Hace tiempo que tengo un par de libros de cartomagia: el primero de Gran Escuela Cartomágica de Giobbi, y el primero de Cartomagia Fácil de Florensa. Con el segundo tengo el problema de que en un mes se me olvidan por completo todos los trucos que había ido aprendiendo. En fin, paciencia.

Con el primero el problema es que soy una persona muy cuadriculada, y que hasta que no me sale algo intento no pasar más allá, para asegurarme de que no me falta base. Aunque esto suena bien, supone que en dos años no he pasado de la página 30, y eso porque me he saltado un poco mis propias normas. Pero aquí me he atascado por completo. Todo esto supongo que demuestra mi escaso futuro en este mundo, a este ritmo, pero bueno, no me importa. Os agradecería algún tipo de consejo.

Las posiciones de dar (básica, abierta, alterada y alzada) las entiendo y las sé hacer, aunque tengo tendencia a hacer un híbrido entre la básica y la alterada, ya que me cuesta no poner el meñique en la parte de abajo de las cartas, como he hecho toda la vida (para jugar al mus y similares, porque de magia no sé nada). También llevo bien la posición de cortar abierta, aunque la primera vez que me atasqué fue con la cerrada, y aunque hago algo distinto a la abierta, éste es el día en el que todavía no sé si lo estoy haciendo bien.

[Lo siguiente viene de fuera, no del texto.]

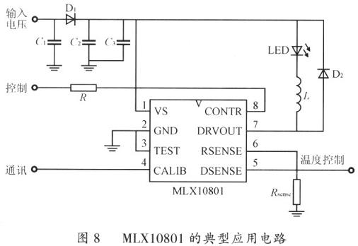 图8为MlJXl0801的典型应用电路,LED、L、D2、Rsense和MLXl0801内集成的MOSFET组成一个典型的Buck 型LED驱动电路。图8中的LED可以根据亮度需要采用多个LEI)串联。MLXl0801通过检测Rsense上的电压来检测通过LED的峰值电流,将该电流值与设定的基准值比较,通过控制脚DRV0UT的脉宽,来控制LED电流的大小。CONTR可以用作外部的开/关控制,或者输入PWM信号来控制 LED闪烁。当不需要控制时,可以将该管脚通过电阻R与脚VS相连。DSENSE用于连接外部的热敏电阻检测LED温度,保护IED。虽然 MLXl0801芯片内部具有内置热敏电阻,但是,为了保证芯片与LED相距较远时仍能够正确检测到温度,MIX10801仍然设置了脚DSENSE来实现远距离温度的检测。脚CALIB用来与控制器通讯,用于接受控制器设定LED的电流、允许最高温度、采用内部温度检测还是外部温度检测、是否防抖、软启动时间等参数。

 :Arrow:  Duda 1, respecto a la posición de cortar cerrada: el segundo dibujo del libro me parece exactamente igual que el primero, visto desde el otro lado. Pero supuestamente muestra la posición de cortar cerrada. ¿Es la única diferencia que la mano está girada (un poco más paralela a la baraja) de forma de que el anular y el meñique tocan el canto exterior, tapándolo en vez de dejarlo a la vista? La explicación de dicha posición en la parte "Recuerda" me parece incomprensible: si intento tocar la esquina de la baraja con la falange del anular y la falangina la posición queda de todo menos natural. Vamos, que mi mano, que es una mano normal, no me permite hacer eso sin contorsionismos.

A pesar de esta duda, decidí seguir adelante. Parece que sé cuadrar la baraja con cierta dignidad. Pero al llegar a lo de cuadrar con giro, aunque creo que lo hago bien, me queda una duda:

 :Arrow:  Duda 2, respecto a cuadrar con giro: ¿puedo decir que esto consiste en girar la baraja 180º de forma evidente y descarada, y cuadrarla después? Supongo que le veré sentido a esto en algún momento de mi vida, pero por ahora quiero asegurarme de que lo he entendido bien, porque me parece una cosa muy boba.

Pero estoy practicando mucho esto de cuadrar precisamente por lo que viene a continuación: la extensión en las manos, que según el libro debería ser algo estético. Me da la risa de pensar que alguien pueda combinar la palabra "estético" con lo que hago yo. Así que mi vida parece que consiste en extender cartas de forma de todo menos estética, y cuadrarlas después. He intentado meter lo de la búsqueda de cartas, por darle variedad al asunto, y la elegancia del aspecto de las cartas encontradas asomando concuerda con la elegancia de la extensión. Vamos, que parece que tengo dos manos izquierdas.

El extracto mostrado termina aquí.